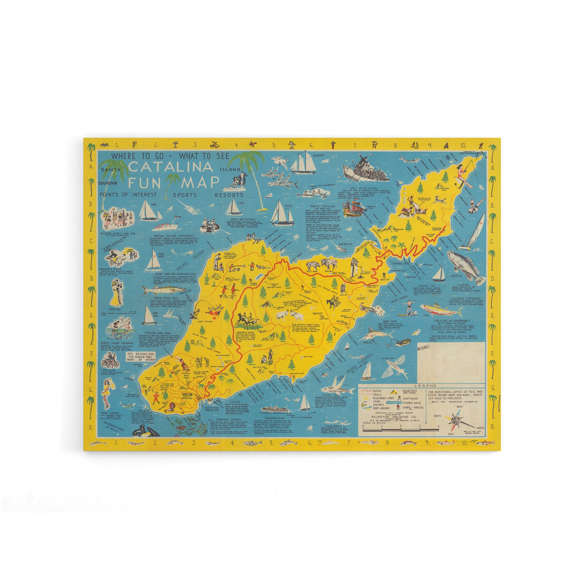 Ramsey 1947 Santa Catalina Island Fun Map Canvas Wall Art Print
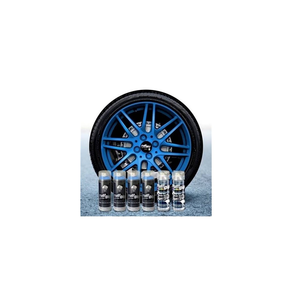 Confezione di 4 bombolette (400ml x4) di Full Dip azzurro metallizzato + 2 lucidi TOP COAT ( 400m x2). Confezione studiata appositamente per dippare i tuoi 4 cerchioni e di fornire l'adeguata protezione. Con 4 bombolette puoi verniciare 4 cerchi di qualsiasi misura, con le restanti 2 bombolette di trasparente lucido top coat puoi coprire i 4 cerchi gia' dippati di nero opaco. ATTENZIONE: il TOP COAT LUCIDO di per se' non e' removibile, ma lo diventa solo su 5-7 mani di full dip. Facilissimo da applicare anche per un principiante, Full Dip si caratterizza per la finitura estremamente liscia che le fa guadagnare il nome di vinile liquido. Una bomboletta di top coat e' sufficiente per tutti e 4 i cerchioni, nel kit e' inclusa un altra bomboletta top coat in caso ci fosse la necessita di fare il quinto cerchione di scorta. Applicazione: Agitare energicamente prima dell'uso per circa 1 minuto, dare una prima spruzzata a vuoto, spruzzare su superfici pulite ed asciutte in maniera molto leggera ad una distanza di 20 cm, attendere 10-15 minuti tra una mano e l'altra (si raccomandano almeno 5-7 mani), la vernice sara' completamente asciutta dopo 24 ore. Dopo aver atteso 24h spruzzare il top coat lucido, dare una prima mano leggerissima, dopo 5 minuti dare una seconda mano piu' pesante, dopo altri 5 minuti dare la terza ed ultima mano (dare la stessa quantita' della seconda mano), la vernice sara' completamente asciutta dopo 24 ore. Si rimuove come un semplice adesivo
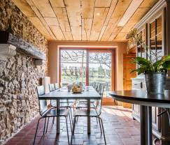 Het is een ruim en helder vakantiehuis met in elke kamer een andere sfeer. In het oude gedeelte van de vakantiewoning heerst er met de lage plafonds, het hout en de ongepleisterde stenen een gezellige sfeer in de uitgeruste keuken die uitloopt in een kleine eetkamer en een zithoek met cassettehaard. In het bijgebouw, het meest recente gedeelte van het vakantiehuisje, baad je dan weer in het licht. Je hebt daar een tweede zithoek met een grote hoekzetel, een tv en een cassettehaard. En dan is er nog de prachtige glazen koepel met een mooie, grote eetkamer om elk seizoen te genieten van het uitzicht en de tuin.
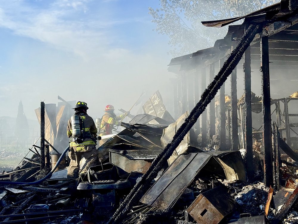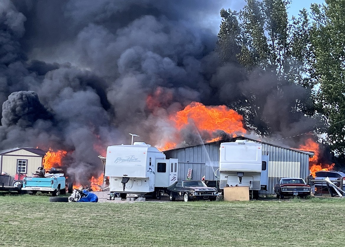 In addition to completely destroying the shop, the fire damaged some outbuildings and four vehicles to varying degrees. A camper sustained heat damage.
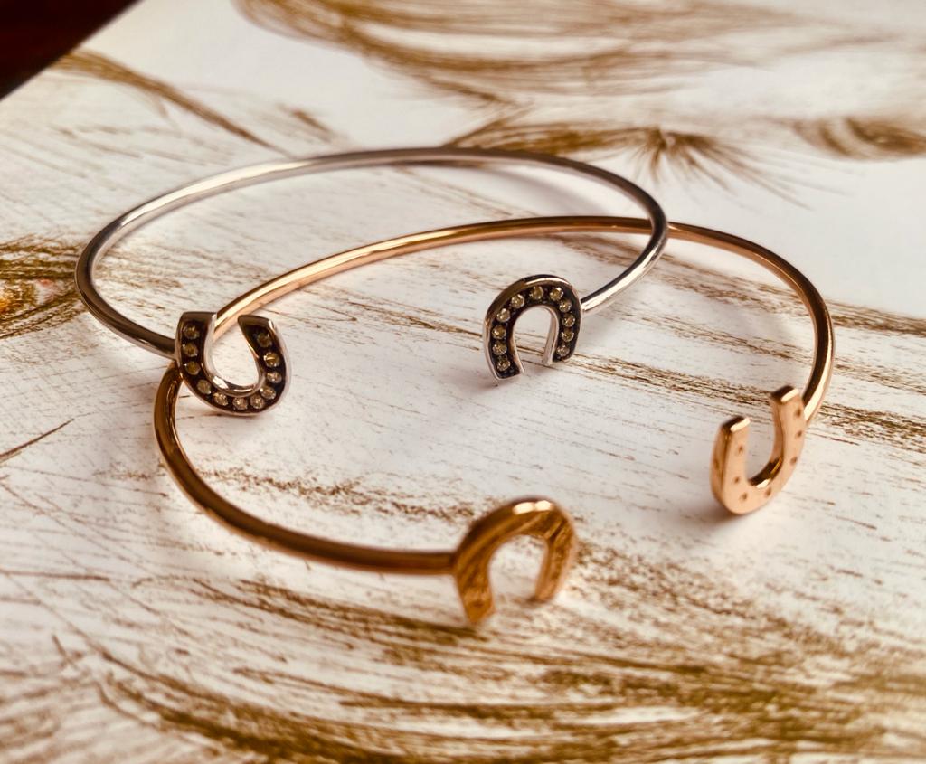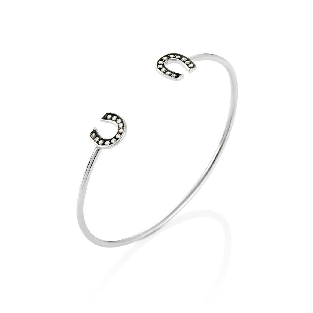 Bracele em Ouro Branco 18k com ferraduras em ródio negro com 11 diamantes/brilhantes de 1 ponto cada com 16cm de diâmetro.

• • • • •

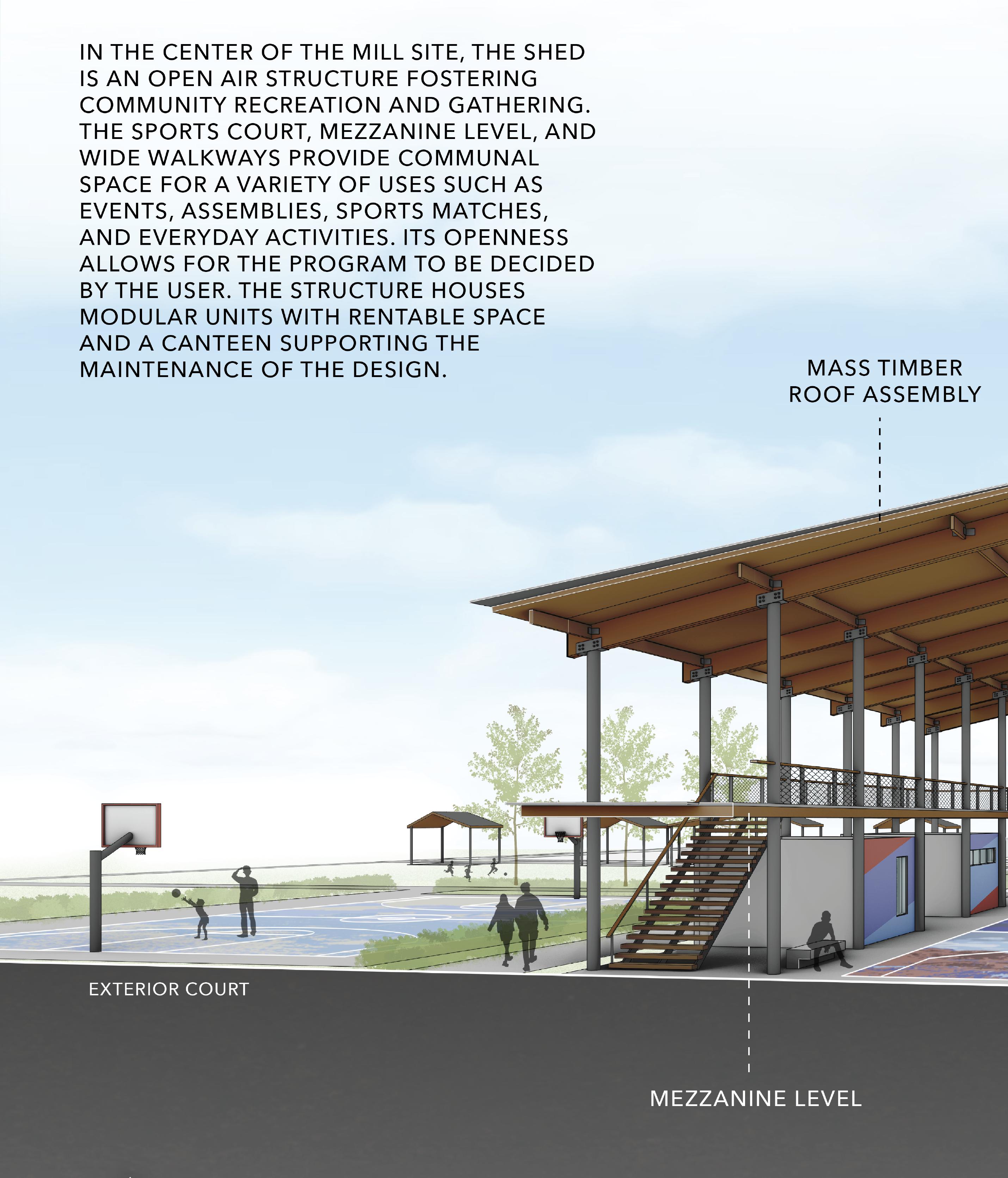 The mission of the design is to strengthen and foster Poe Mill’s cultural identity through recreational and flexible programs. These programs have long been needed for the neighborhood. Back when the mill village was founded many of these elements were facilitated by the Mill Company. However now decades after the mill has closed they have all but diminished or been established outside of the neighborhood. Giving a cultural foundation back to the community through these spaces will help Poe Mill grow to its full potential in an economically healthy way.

• • • • •

§ **Task instructions**:
Starting with the line that has "Het is een ruim" and ending with the line that has "Bracele em Ouro", repeat the lines above exactly, omitting every picture.

§ **Expected answer**:
 Het is een ruim en helder vakantiehuis met in elke kamer een andere sfeer. In het oude gedeelte van de vakantiewoning heerst er met de lage plafonds, het hout en de ongepleisterde stenen een gezellige sfeer in de uitgeruste keuken die uitloopt in een kleine eetkamer en een zithoek met cassettehaard. In het bijgebouw, het meest recente gedeelte van het vakantiehuisje, baad je dan weer in het licht. Je hebt daar een tweede zithoek met een grote hoekzetel, een tv en een cassettehaard. En dan is er nog de prachtige glazen koepel met een mooie, grote eetkamer om elk seizoen te genieten van het uitzicht en de tuin.
 In addition to completely destroying the shop, the fire damaged some outbuildings and four vehicles to varying degrees. A camper sustained heat damage.
 Bracele em Ouro Branco 18k com ferraduras em ródio negro com 11 diamantes/brilhantes de 1 ponto cada com 16cm de diâmetro.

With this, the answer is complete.